My biggest fear right now is losing a job and having to empty my 401k which would not last very long after penalties. I'd like to do something about it. I don't necessarily have a reason to fear job loss...but being that it can happen to anybody...I'm nervous.
I'm 30 years old and started my retirement 401k about 3 years ago. I didn't save anything through my 20's. I currently contribute 10%. I've been with my company for 4 years and will be fully vested on my 5th year. The employer matches the first 2% at 100%, next 4% at 50% of pre-tax contributions. My 401k is about $18,000 at the moment. I don't have any other retirement savings
I would like to save about $40,000 for an "emergency fund", which would allow me to live under my current expenses for a little over a year.
I am already saving some every month but I'm wondering if I should change my 401k contributions temporarily so that I can build that emergency fund quicker? And then re-up the 401k after I get closer to my emergency fund target?
Thoughts?
I'm more of the mindset that you want to keep doing the 401K and emergency savings, so...
Maybe just reduce your 401K contributions to 2% for now, since that's the cutoff for getting a full match.
Then use the difference to help build your emergency fund a bit faster, and resume higher 401K contributions after you've accomplished that goal.
---
I agree, but I would reduce 401k contributions to 6%, to get all of the matching you can. Because I can't pass up free money!!!!
Also, look into a Roth IRA. I'm not sure on the specifics, but I believe you can withdraw your contributions (but not earnings) penalty-free. But don't quote me on that.
---
I would absolutely not pass up the free match. Nowhere else will you earn 100% and then 50% on your money. Once that year passes, the opportunity is gone. If you are contributing past the 6% though, you could definitely do a short-term cutback to build an emergency fund.
---
I agree with folks above, keep maxing out your employer match. You don't want to leave money on the table just for the sake of building a cash reserve a little faster -- you can build that up gradually.
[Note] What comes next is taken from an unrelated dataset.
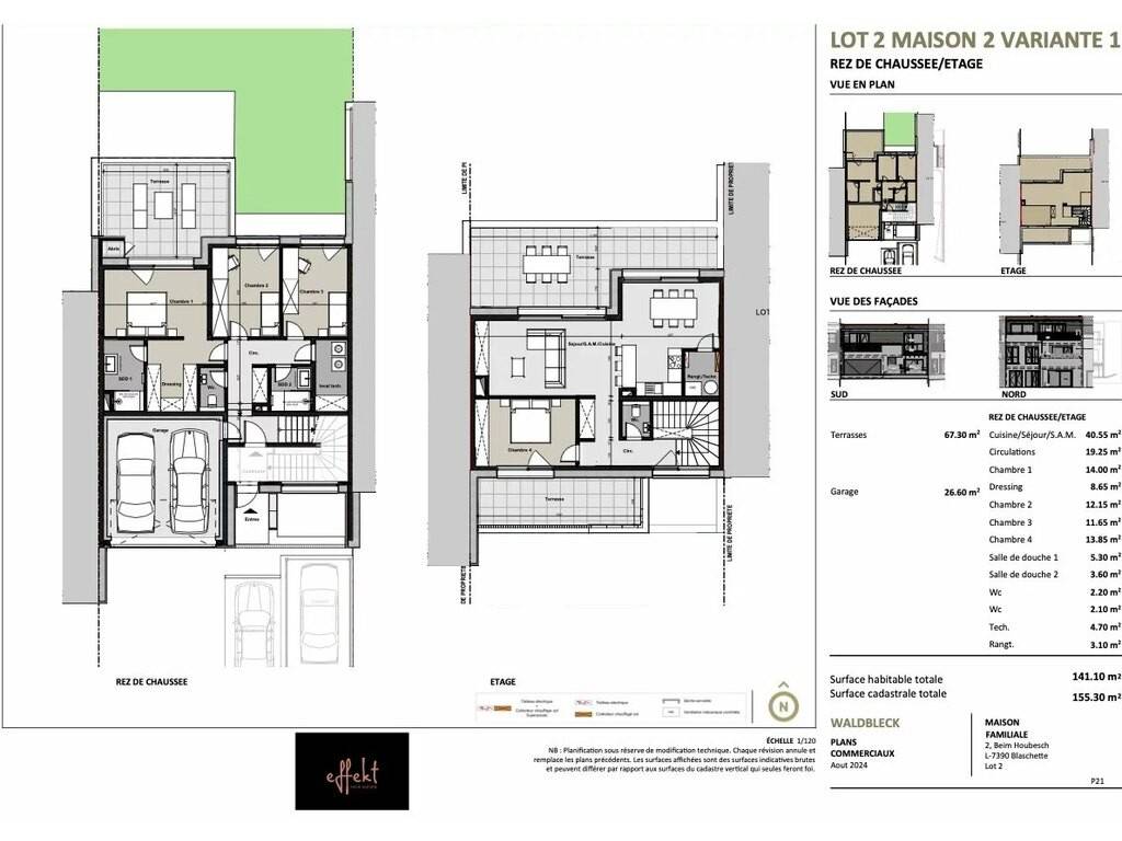 First floor: - entrance hall - mailbox - garbage can area - garage - laundry and technical room - two attractive bedrooms of 11.65 m2 and 12.15 m2 - shower room - separate toilet - a 22.65 m2 master bedroom (with dressing room) with private shower room (with WC) and terrace access

Also, personally 40K seems like a lot to leave as dead money. A cash reserve is nice, but I'd cap it at 6 months expenses and apply the rest to regular investments (diversified mutual funds etc outside of a tax-advantaged account). You can always tap into them when you need to. It doesn't all have to sit as cash savings.
---
I agree, but I would reduce 401k contributions to 6%, to get all of the matching you can. Because I can't pass up free money!!!!
Also, look into a Roth IRA. I'm not sure on the specifics, but I believe you can withdraw your contributions (but not earnings) penalty-free. But don't quote me on that.
That's the common rule. First fill up your 401k up to the employer match (6% in this case). Then fill up your Roth IRA. After that, you can look back at your 401k if it's worth anything, or put the money somewhere else.